“Come Before Winter”
September 2, 2007
The Rev. Dr. Jack W. Baca, Senior Pastor
The Village Community Presbyterian
Church
Rancho Santa Fe, California
One of the great love songs of my growing up years was sung by Jim Croce. The lyrics go like this:
If I could save time in a bottle
The first thing that I’d like to do
Is to save every day
‘Till eternity passes away
Just to spend them with you.
If I could make days last forever
If words could make wishes come true
I’d save every day like a treasure and then,
Again, I would spend them with you.
But there never seems to be enough time
To do the things you want to do
Once you find them.
I’ve looked around enough to know
That you’re the one I want to go
Through time with.
Time: the one thing that there never seems to be enough of. Time: the thing that marches on no matter how hard you try to stop it. Time: the one thing in this world that everyone gets the same amount of—whether you’re a King or a Pawn, everyone gets exactly the same amount of time to spend every day. Time: what passes so slowly when you’re a child waiting for Christmas, but which picks up speed with alarming pace the older you get. “Time in a Bottle” was the name of Jim Croce’s song. Something like this hourglass, just some sand in a bottle, that passes through a tiny hole to mark the passage of time. The sand goes through the hole from one side of the bottle to the other, until it is all gone, until it runs out. Time is running out as I speak. Time was running out for Paul.

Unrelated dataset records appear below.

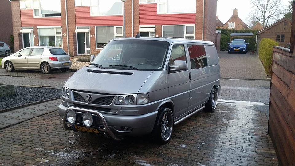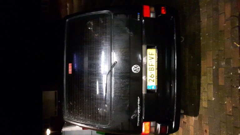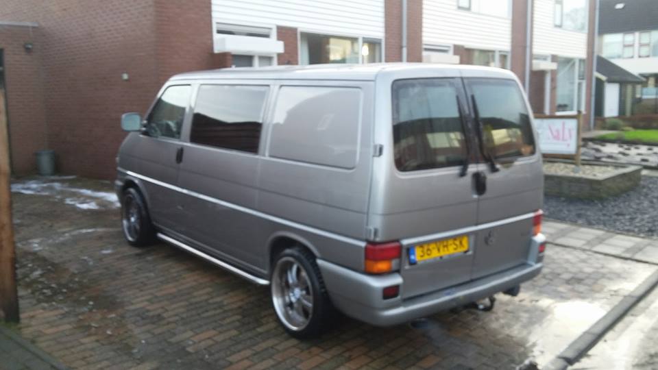 Het is een zwarte t4, niet overdadig lang, maar leuk. Getint glas, ( folie ) en achterklep ipv deuren. ( ideaal om te vissen in de regen :toppie )
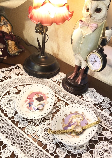 小物入れだけど、お皿の淵はレース採りになっていて、写真ではわかりづらいですがプリンセスの周りの縁取りはゴールド箔となっていて豪華!これだけで絵になります!!
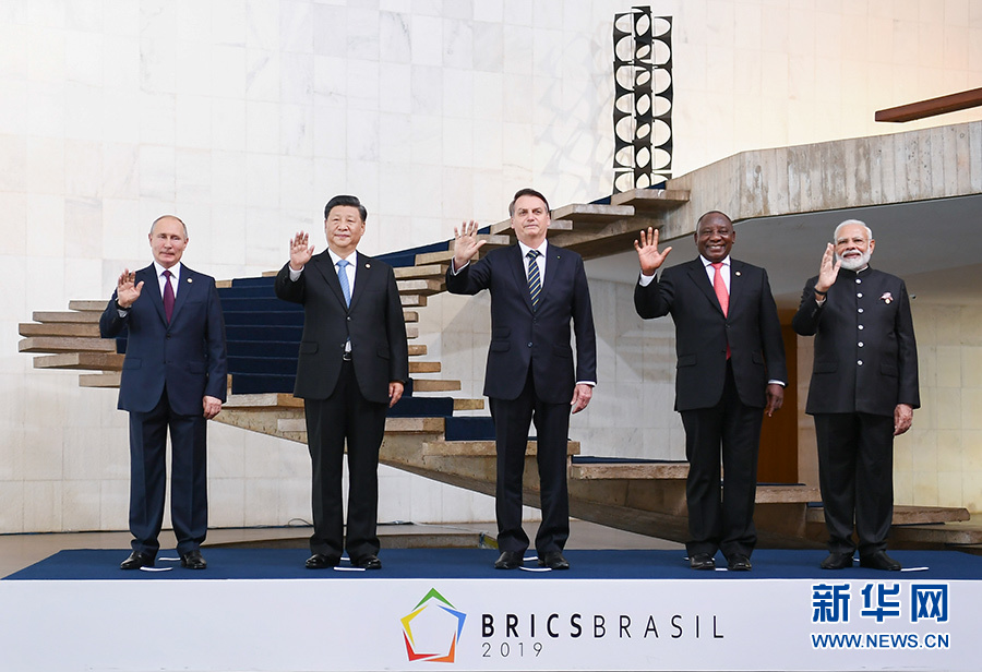 當(dāng)?shù)貢r間11月14日,金磚國家領(lǐng)導(dǎo)人第十一次會晤在巴西首都巴西利亞舉行。巴西總統(tǒng)博索納羅主持會晤。中國國家主席習(xí)近平、俄羅斯總統(tǒng)普京、印度總理莫迪、南非總統(tǒng)拉馬福薩出席。這是五國領(lǐng)導(dǎo)人合影。 新華社記者 謝環(huán)馳 攝
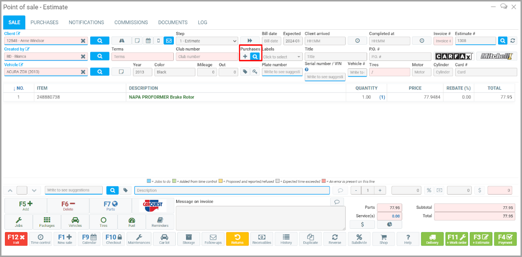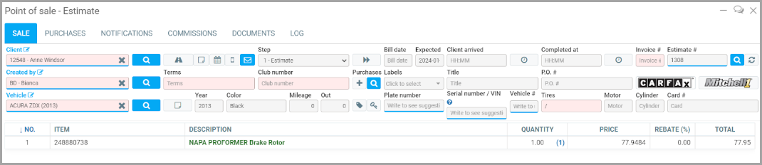 On the left menu, go to the Point of Sale, select a client, a vehicle, and add a Product or Service.

Sometime around the year 64, about 30 years after Jesus, Paul was coming to the end of his life on earth. He had survived shipwrecks, imprisonment, beatings, persecution, ceaseless travel, and untold spiritual stress brought on by trying to get people to hear and understand the good news about Jesus. He is in prison again, most certainly in Rome. Any record of the charges and circumstances that put him there are lost to history. And he knows the end is near. In what we call his second letter to Timothy, Paul pours out his love and encouragement for this young man who has been Paul’s protégé in ministry, Paul’s son, in some sense, in the Lord. Paul wants to see Timothy one last time. And so twice toward the end of this fairly brief letter he urges him to come. “Do your best to come to me soon,” and again, “Do your best to come before winter.”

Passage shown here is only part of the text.